Reagents: Ultra-pure water (MS grade, W6-4, Thermo Fisher Technology Co., LTD, CA, USA); acetonitrile (MS grade, A955-4, Thermo Fisher Technology Co., Ltd., CA, USA); methanol (MS grade, A456-4, Thermo Fisher Technology Co., LTD, CA, USA); formic acid (GR, F0654-25 ml, Tixi Ai Chemical Industry Development Co., Ltd., Shanghai); hydrogen peroxide (GR, 20240103, National Pharmaceutical Group Chemical Reagent Co., Ltd., Shanghai, CN); concentrated nitric acid (GR, 20231220, National Pharmaceutical Group Chemical Reagent Co., Ltd., Shanghai, CN); and hydrofluoric acid (GR, C12897954, McLean Biochemical Technology Stock Co., Ltd., Shanghai, CN).

Test kits: Magnetic bead-based soil and faeces genomic DNA Extraction Kit (TIANGEN Biochemical Technology Co., Ltd., CN); RNase A (10 mg/ml, Cat: RT405-02, TIANGEN Biochemical Technology Co., Ltd., CN); Qubit dsDNA Assay Kit (Q32854, Life Technologies, CA, USA); and NEBNext Ultra DNA Library Prep Kit for Illumina (NEB, Ipswich, MA, USA).

Software and database

Geographical Database: National Tibetan Plateau Data Centre (http://data.tpdc.ac.cn), National Earth System Science Data Center-Soil Data Center (https://soil.geodata.cn/), Originating from the National Environmental Information Center (NCEI) under the National Oceanic and Atmospheric Administration (NOAA) of the United States (https://www.ncei.noaa.gov/data/global-summary-of-the-day/archive/), Climatology Lab (https://www.climatologylab.org/terraclimate.html).

Geographic information system: ArcGIS software (version 10.8, http://www.esri.com/zh-cn/home).

Bioinformatics software: fastp (https://github.com/OpenGene/fastp), Prodigal (https://github.com/hyattpd/Prodigal/releases/tag/v2.6.3), Bowtie2 (Bowtie download|SourceForge.net), DIAMOND (version 0.9.110, http://www.crystalimpact.com), MEGAN (https://software-ab.informatik.uni-tuebingen.de), Gephi (https://gephi.org), BWA (http://maq.sourceforge.net), cBot cluster generation system (https://support.illumina.com.cn), CD-HIT (https://github.com/weizhongli/cdhit), and ARG-OAP (http://smile.hku.hk/ARGs/indexing).

Functional annotation database: Non-redundant protein database (NR database, version 2021.11, wget-c fto://ftp.ncbi.nlm.nih.gov/blast/db/FASTA/nr.gz), Kyoto Encyclopedia of Genes and Genomes database (KEGG database, http://www.genome.jp/), evolutionary genealogy of genes: Non-supervised Orthologous Groups database (eggNOG database, http://eggnog5.embl.de), and Carbohydrate-Active enZYmes database (CAZy database, http://www.cazy.org).

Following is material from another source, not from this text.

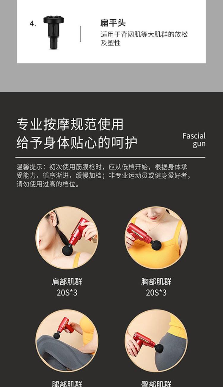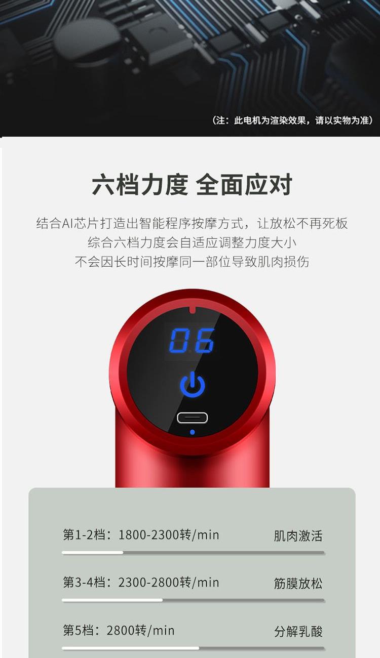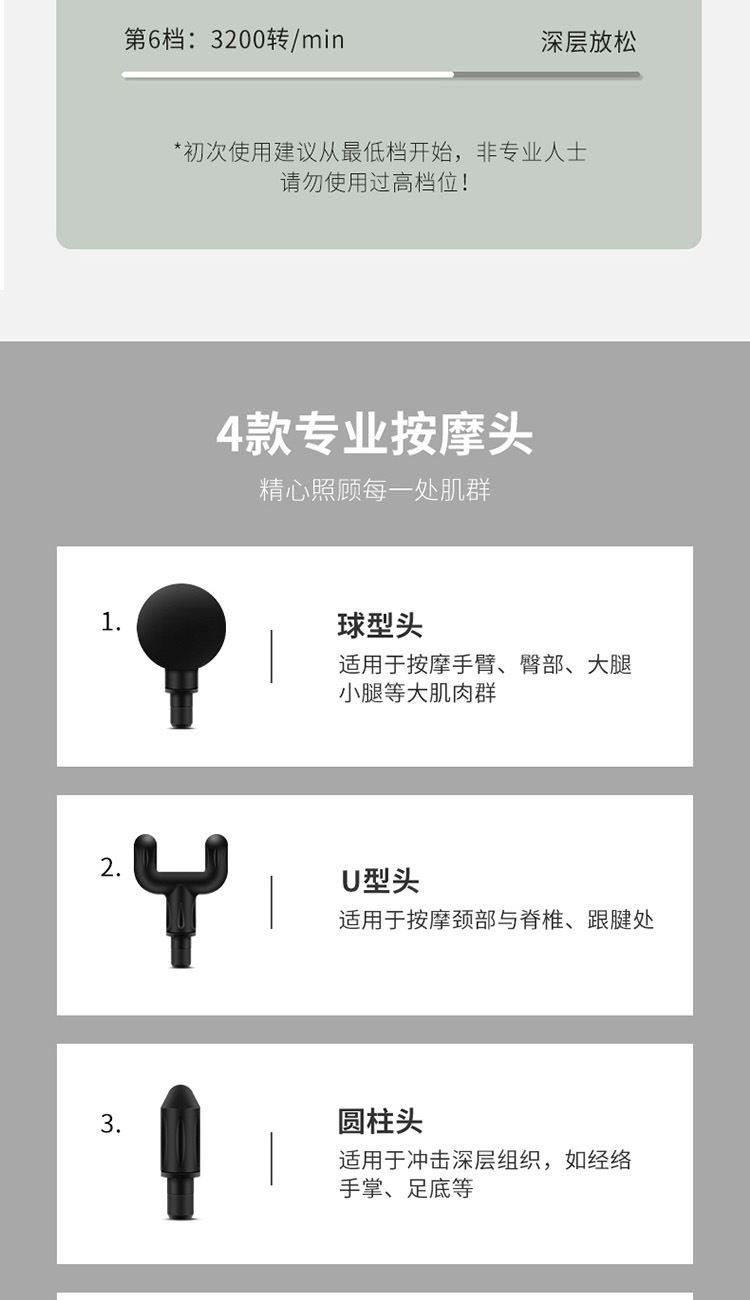 产品规格: 1、充电接口:type-C接口 2、重量:约600g3、功率:25W 4、档位模式:1-6档 1、精致小巧,居家日用, 外出携带都无惧挑战,随 时享受; 2、TYPE-C接口,同充电器直充,随 时随地补充电量,也可 使用充电宝充电; 3、多档调节,随心所欲调节,内置创新降噪电机力度强劲深层舒缓肌肉疲劳; 4、多款按摩头专业级呵护,升级四大按摩头细心呵护每一处肌群; 5、采用静音降噪技术,内置创新降噪电机,不扰他人安静得只剩下呼吸声。

Natural environmental data processing methods

The natural environmental data for Wutai and Pingshun Counties in Shanxi Province, including precipitation, sunshine, and temperature data, were obtained from the National Tibetan Plateau Data Centre. The acquired data were subsequently analysed via ArcGIS software. The processing methodology employed was as follows. A total of ten nc-formatted datasets spanning from 2012 to 2022 were selected, with each dataset containing twelve months of data. The mean temperature data for these years were extracted and stored in .tif format. Additionally, the R language was utilized to retrieve sunshine duration data from the Global Surface Summary of the Day (GSOD) meteorological stations in China covering the period between 2012 and 2022. The IDW inverse weight matrix was utilized for data interpolation, with the inclusion of only 5 adjacent stations to mitigate excessive smoothing. A downscaling operation using the delta algorithm was applied to increase the precision postinterpolation. The final raster data had a spatial resolution of 0.1°*0.1°.

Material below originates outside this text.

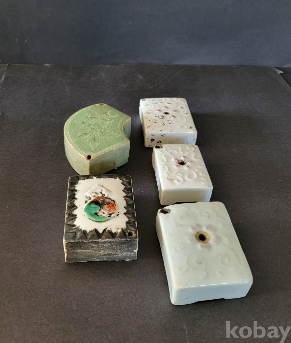 태극, 매화 문양 등 외사기 연적 5점 일괄 이며

The pH and organic matter content data for Wutai and Pingshun Counties in Shanxi Province from 2012 to 2022 were acquired from the National Earth System Science Data Center-Soil Data Center and processed using ArcGIS software. The datasets were generated by extracting information from the original raster data provided by the platform, and could be directly downloaded from the server and exported through the statistical analysis tools embedded in ArcGIS software.

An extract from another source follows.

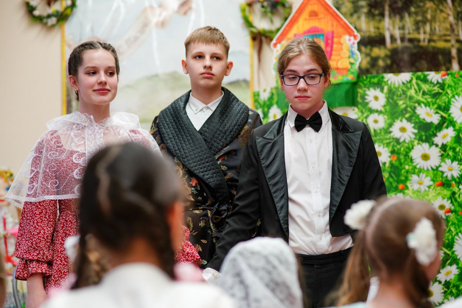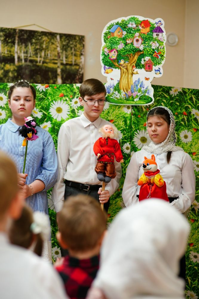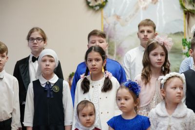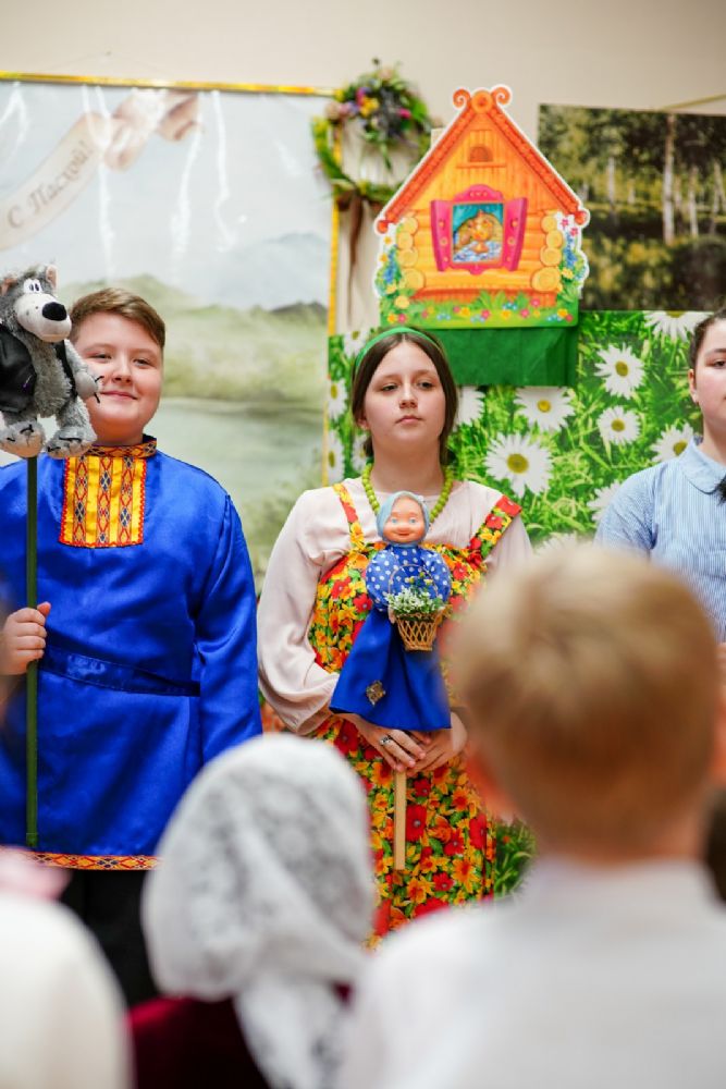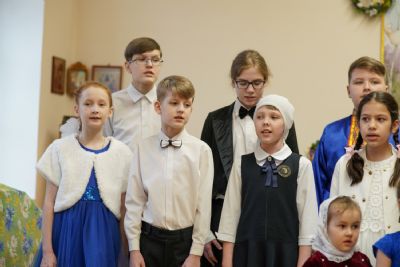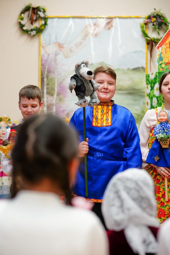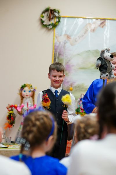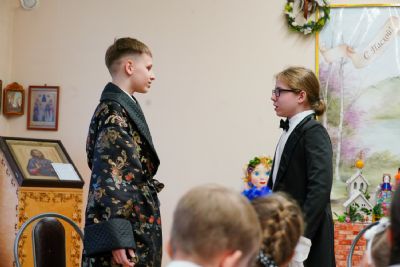 В завершение всех со светлым праздником Христова Воскресения поздравили воспитанники воскресной школы, показав праздничную концертную программу. Дети с воодушевлением читали стихи и исполняли песни, особенно порадовали зрителей спектакли - их было целых два: кукольный театр представил сказку «Золотой цыпленок», а старшие ребята показали костюмированный спектакль-шутку по пьесе Чехова «Предложение». Прямая трансляция концертной программы велась в группе «Православие в Марий Эл».

The average annual temperature and diurnal temperature range data for Wutai County and Pingshun County in Shanxi Province from 2012 to 2022 were obtained from the National Environmental Information Center under the U.S. National Oceanic and Atmospheric Administration (NOAA). The data were provided in two formats—Shapefile (Shp) and Excel—and both were processed accordingly. In the Excel format, missing values were indicated as null entries. Monthly mean temperatures were calculated by averaging daily temperature observations within each month, while annual mean temperatures were derived by averaging the 12 monthly means for each year. Ultraviolet radiation intensity data were initially released in January 2018 by John T. Abatzoglou from the Department of Geography at the University of Idaho, United States, via the Scientific Data platform. The dataset originally covered the period from 1958 to 2015 and has since been updated incrementally to include data through 2024. The spatial coordinate system is based on WGS_1984, with a spatial resolution of 4 km and measurement units expressed in W/m².

UPLC‒MS/MS analysis

CP root sample preparation: After the sample was pulverized in liquid nitrogen, 100 mg of the resulting powder was weighed and placed in a 1.5 mL centrifuge tube. Then, 1 mL of 70% methanol was added to the tube, and the mixture was vigorously mixed for 30 s by vortexing. The tube was subsequently subjected to sonication in a water bath for 90 min, followed by centrifugation for 10 min at a speed of 16,000 × g at a temperature of 4 °C. The supernatant was transferred to a 96-well protein filter plate and filtered with nitrogen under positive pressure, and the filtrate was transferred to a 2-mL EOP tube and dried under vacuum. Next, 300 μL of 40% methanol solution was added to the lyophilized sample to dissolve it. The mixture was then vigorously agitated for 30 s by vortexing, followed by centrifugation for 10 min (16,000 × g, 4 °C), and the supernatant was collected¹⁷.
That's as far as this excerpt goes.